Rui Ueyama [Fri, 6 Mar 2015 06:07:32 +0000 (06:07 +0000)]
Support: Improve performance of FileOutputBuffer on Windows
We extend an underlying file before mmap'ing it, but it's not needed
on Windows. Extending file is slow on Windows, so we should avoid doing that.
The difference gets larger as the size of an output file gets larger.
It shove off 2 seconds out of 25 seconds when linking chrome.dll with LLD,
for example.
[objc-arc] Move the checking of whether or not we can match onto PtrStates and out of the main dataflow.
These refactored computations check whether or not we are at a stage
of the sequence where we can perform a match.
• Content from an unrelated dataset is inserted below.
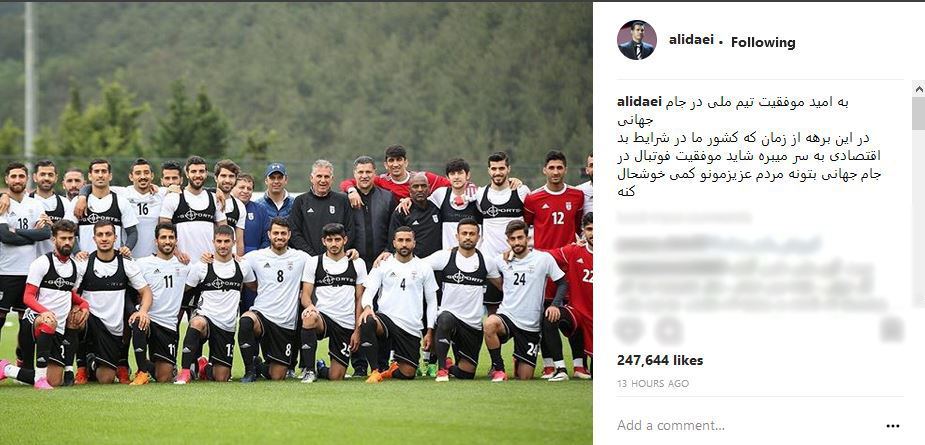 علی دایی پس از حضور در تمرین تیم ملی این عکس را در اینستاگرامش منتشر کرد: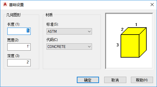 1. 在功能区上,单击“结构”选项卡 “零件”面板 “设置”菜单 “基脚设置”。

This patch moves the
computation out of the main dataflow and into
{BottomUp,TopDown}PtrState.
[objc-arc] Refactor (Re-)initialization of PtrState from dataflow -> {TopDown,BottomUp}PtrState Class.
This initialization occurs when we see a new retain or release. Before
we performed the actual initialization inline in the dataflow. That is
just messy.
[objc-arc] Create two subclasses of PtrState in preparation for moving per ptr state change behavior onto a PtrState class.
This will enable the main ObjCARCOpts dataflow to work with higher
level concepts such as "can this ptr state be modified by this ref
count" and not need to understand the nitty gritty details of how that
is determined. This makes the dataflow cleaner.